Yet, from the very outset, that search was the most perfunctory and futile affair. The members of the party, two of whom stayed behind, exhibited a marked inclination not to separate. Outside, in the security of the moonlight and each other’s society, they had suffered mystification, wonder, perhaps an occasional thrill of apprehension, but not that peculiar quality of fear that lay in wait for them the moment they entered the gloom of the plantation.
2
Even Greatorex felt that influence. He had followed his host, in advance of the other three, but lost sight of him directly as he entered the cover of the trees. He started violently when a twig brushed his face, and then, with a just perceptible note of alarm in his voice, called out:
“Hallo, Harrison! You there? It’s so infernally dark!”

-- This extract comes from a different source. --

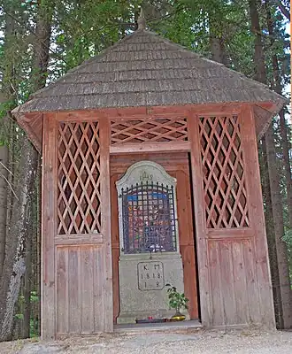 - Medvědí kámen (Bärenstein) nördlich von Jelení im Wald an der Hučina. Er erinnert an den angeblich letzten Böhmerwaldbären, der an der Stelle am 14. November 1856 während einer herrschaftlichen Treibjagd durch Johann Jungwirth aus Riedelhütte erlegt worden sein soll. Die alte Bärin, die ausgeweidet 230 Pfund wog, wurde präpariert und ist im Jagdschloss Ohrada ausgestellt. Nach dem Schattawaer Forstgedenkbuch wurde allerdings im Jahre 1864 von einem Wildschützen aus Wallern ein weiterer Bär geschossen, der Vorfall wurde durch die Fürsten Schwarzenberg jedoch nicht publik gemacht.[7]

Harrison answered him with a remarkable promptitude.
“Hallo, G.!” he said. “That you? I’m close here! I’ll wait for you.”
They were as a matter of fact separated only by the spread of a single yew.
“Don’t see that we stand much chance of catching the lady in a place like this, Harrison,” Greatorex remarked when they had joined company. “You might hide a platoon under these trees in this light, what?”
“Only a narrow belt of it,” Harrison replied. “We’ll be through on to the shore of the lake in ten yards. We can see her then for half a mile if she’s come out.”